# POET

This is the official repo for the paper [Reasoning Like Program Executors](https://arxiv.org/pdf/2201.11473.pdf).

## Pre-training Corpus

You can find the pre-training SQL corpus from [here](https://drive.google.com/file/d/1dg3NwPT2vWTcj2rx7S6GN8x5EywZiXQr), the pre-training Math corpus from [here](https://huggingface.co/datasets/SivilTaram/poet-math). 
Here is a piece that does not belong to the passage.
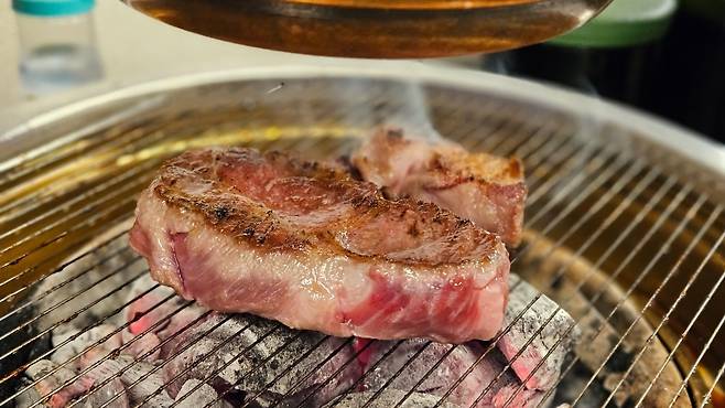 소금만으로 담백한 고기 고유의 맛을 즐기다가, 명란젓, 고추냉이, 쌈장 등을 가미하여 변화도 줘봅니다. 숯불에 구워 먹는 고기 자체가 맛있다 보니 어떤 소스와도 잘 어울리는 것 같습니다. 좋은 분들과 가볍게 한 잔 하며 어느 정도 고기에 심취하다 살짝 변화가 필요해 보일 때 젓갈을 조금 고기에 올린 후 먹어 보았습니다. 젓갈의 강한 맛이 숯불에 구워진 고기에서 흘러나오는 기름진 육즙에 어우러져 풍미가 확 올라옵니다. 소금에 담백하게 찍어 먹는 것도 좋았고, 젓갈의 강한 맛과 어우러진 강한 풍미도 좋았습니다.

The pre-training SQL corpus can be synthesized following the same procedure as done in [TAPEX](https://github.com/microsoft/Table-Pretraining#-synthesize-your-own-pre-training-data) with the `expand_numbers_in_text` function below:

```python
def expand_numbers_in_text(text, delim=" ", ignore_chars=[","], reverse_num=False):
    number_pattern = r"[-+]?[.]?[\d]+(,\d+)*[\.]?\d*(?:[eE][-+]?\d+)?%?"
    num_char_spans = [(m.start(0), m.end(0)) for m in re.finditer(number_pattern, text)]
    if len(num_char_spans) == 0: return text
    out_text = ""
    last_e = -1
    for i, (s, e) in enumerate(num_char_spans):
        out_text += text[:s] if i == 0 else text[last_e:s]
        num_str = delim.join([c for c in list(text[s:e]) if c not in ignore_chars])
        out_text += num_str if not reverse_num else num_str[::-1]
        last_e = e
    out_text += text[last_e:]  # append rest
    return out_text
```

The pre-training Math corpus can be synthesized by the script [synthesize_math_corpus.py](synthesize_math_corpus.py).
The pre-training Logic corpus can be synthesized by the script [synthesize_logic_corpus.py](synthesize_logic_corpus.py).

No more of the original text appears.